Friday was the first day residents and property owners were allowed back into the city limits to survey damage from the fires. Bennett, the pastor of Gatlinburg Presbyterian Church, had thought about what he might find.
“I had some indication it was fine, but I wasn’t sure what fine meant,” Bennett said. “When these things happen, you never know what you’re going to find.”
The ride into downtown showed no clear path of destruction, with some buildings demolished next to others still standing. Authorities said nearly 1,000 homes and businesses were damaged or destroyed in the blaze.
A restaurant lay in a pile of rubble. All that remained was the entrance sign. A main strip of shops was left mostly intact, though largely deserted.
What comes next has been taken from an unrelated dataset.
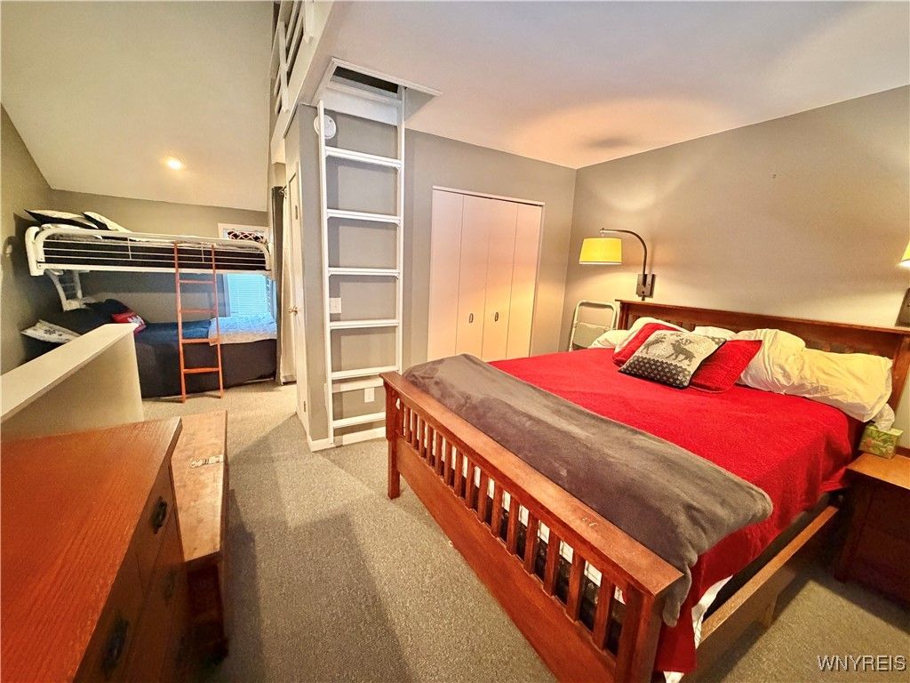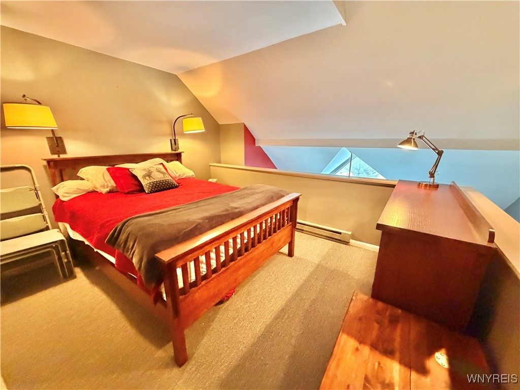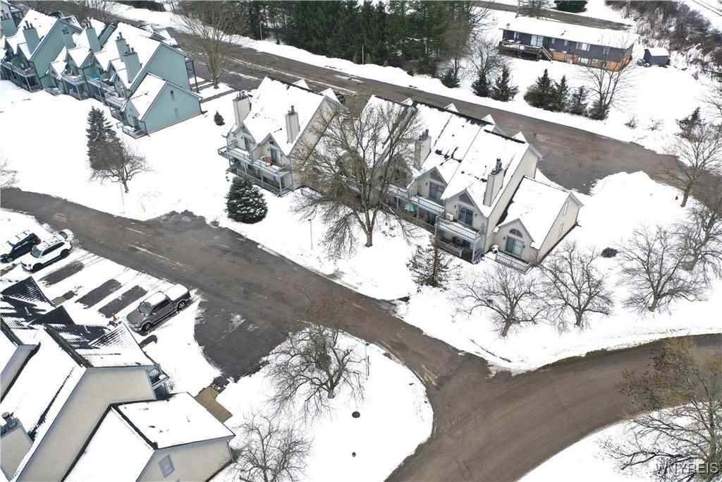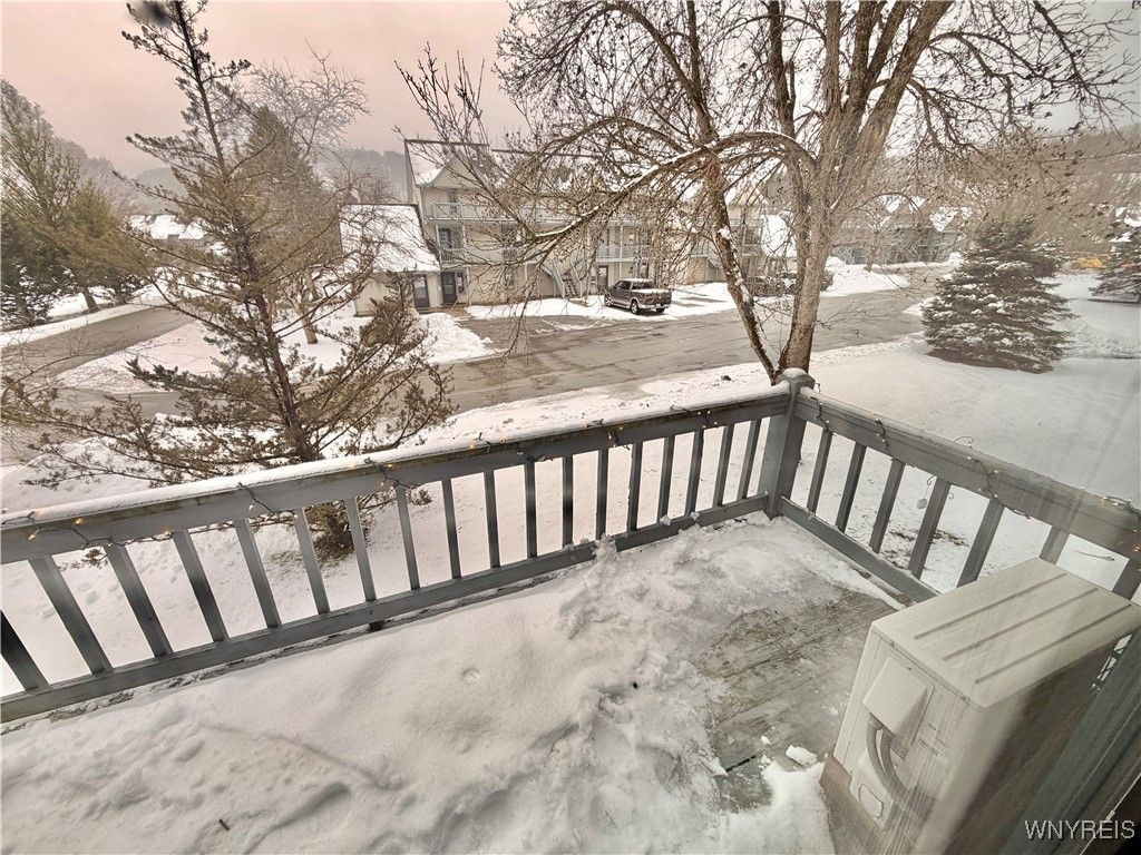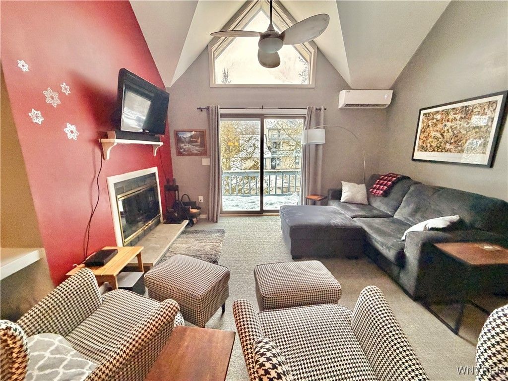 Ideally located close to the ski slopes and just minutes from the Village of Ellicottville, this well-maintained Wildflower townhouse offers slope views of Sunrise both day and night and is within easy walking distance to two popular restaurants and bars. The attractive interior features thoughtful upgrades designed for comfortable four-season living. The main level includes an upgraded half bath, a welcoming foyer with dedicated ski storage, and a remodeled kitchen with newer upgraded appliances and striking countertops. The kitchen opens to an eat-at bar and flows seamlessly into the dining and living areas, making the layout ideal for entertaining. A wood-burning fireplace adds warmth and character after a day on the slopes, while sliding glass doors lead to the deck and overlook the ski runs. Upstairs, the primary bedroom, updated full bath, and washer/dryer closet are complemented by an extended loft providing additional sleeping space, including built-in bunk beds. A finished bonus area above the bedroom closet offers flexible use for storage, a reading nook, or additional living space. Additional upgrades include a mini-split system for efficient air conditioning and supplemental heat, helping to keep utility costs low. Offered fully furnished for easy, turn-key ownership. Holiday Valley shuttle service provides convenient pickup within the Wildflower community. HOA dues include cable TV and Wi-Fi. Move-in ready and available to enjoy for the remainder of the ski season and beyond.

Bennett’s church, next door to the Gatlinburg Fire Department, stood undamaged, except for a smoky smell that lingered in the air and some ash that had blown in under the door.
Other buildings nearby were not so fortunate.
A wedding chapel just two buildings over showed signs of widespread damage, with the side of the building torn away and ceiling fans lying broken on the ground.
Less than a quarter-mile up the road, the Gatlinburg Church of Christ was a pile of cement and metal, with charred trees overlooking the ruins and a burned-out vehicle in the parking lot.
Several visitors and members of the congregation clustered around the former church, many wiping tears or shooting photos to document the damage.
Joann Tant, 80, who lost her home, hugged a friend before looking out silently on the church’s collapsed shell. Tant’s husband, James, designed the A-frame building in the 1960s, she said.
“It’s amazing,” Tant said. “This was a landmark. People have been telling my daughter it’s the most beautiful church they’ve seen.”
Like more than 14,000 others in Gatlinburg, Tant fled her home on Monday night as flames whipped by high-speed winds roared toward the city. She shared the home with her daughter and two grandchildren. On Monday night, her daughter went to check on the family’s cats and returned with a dire request.
“She came back and said, ‘We have to get out now,’” Tant recalled.
Looking at the church Friday morning, she said her home was in a similar state.
“Everything is gone,” Tant said.
David Barton, another member at the Church of Christ site Friday, called the scene “heartbreaking” but said the congregation plans to rebuild.
“We’ve gotten together to try and figure out what we can do,” he said. “We’re looking for some place to lease, and hopefully we’ll be worshiping in Gatlinburg again in two weeks.”
Tant said she still has the original design plans her husband drew and she hopes they can be used to restore the building to its original specifications.
“Right now things are very solemn,” said Tant’s daughter, Lara. “But everybody is banding together. We’re a strong community, and we’re going to rebuild.”